如果記錄了樣本的批次信息,或者其它需要抹除的信息可以定義在design
參數中,在下游回歸的分析中會根據design formula
來估計batch effect
的影響,并在下游分析時減去這個影響。這是處理batch effect
的推薦方式。
在模型中考慮batch effect
并沒有在數據矩陣中移除bacth effect
,如果下游處理時,確實有需要可以使用limma
包的removeBatchEffect
來處理。
countData
: 表達矩陣
colData
: 樣品分組信息表
design
: 實驗設計信息,batch
和conditions
必須是colData
中的一列
ddsFullCountTable <- DESeqDataSetFromMatrix(countData = data,
colData = sample, design= ~ batch + conditions)
dds <- DESeq(ddsFullCountTable)
rld <- rlog(dds, blind=FALSE)
rlogMat <- assay(rld)
rlogMat <- limma::removeBatchEffect(rlogMat, c(sample$batch))

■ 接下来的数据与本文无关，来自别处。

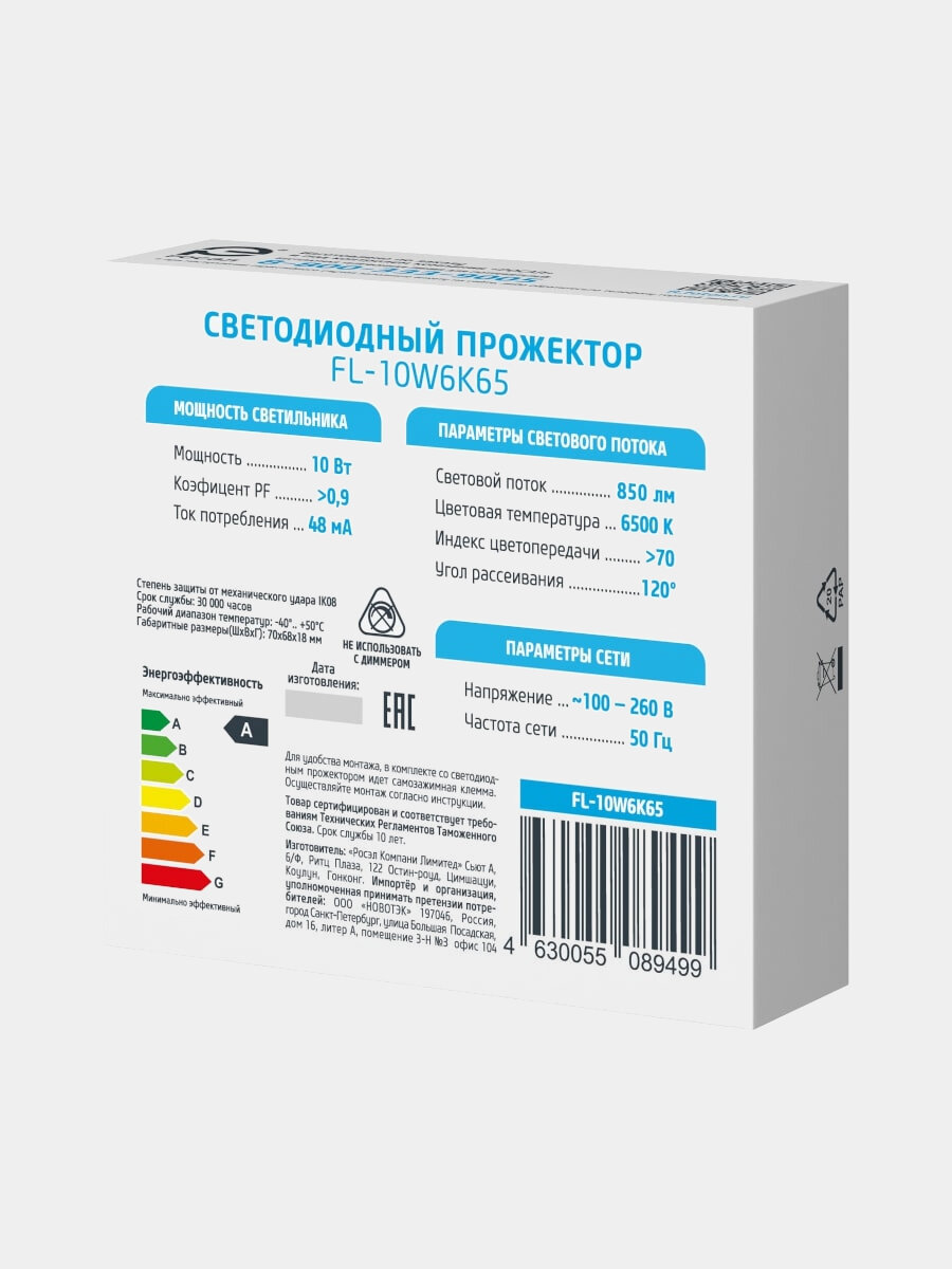 Светодиодный сетевой прожектор фотон FL-10W6K65 10W 24533

Just to be clear, there's an important difference between removing a
batch effect and modelling a batch effect. Including the batch in your
design formula will model the batch effect in the regression step, which
means that the raw data are not modified (so the batch effect is not
removed), but instead the regression will estimate the size of the batch
effect and subtract it out when performing all other tests. In addition,
the model's residual degrees of freedom will be reduced appropriately to
reflect the fact that some degrees of freedom were "spent" modelling the
batch effects. This is the preferred approach for any method that is
capable of using it (this includes DESeq2). You would only remove the
batch effect (e.g. using limma's removeBatchEffect function) if you were
going to do some kind of downstream analysis that can't model the batch
effects, such as training a classifier.
批次效應模擬
#Make some simulated data with a batch effect:
dds <- makeExampleDESeqDataSet(betaSD=1,interceptMean=10)
dds$batch <- factor(rep(c("A","B"),each=6))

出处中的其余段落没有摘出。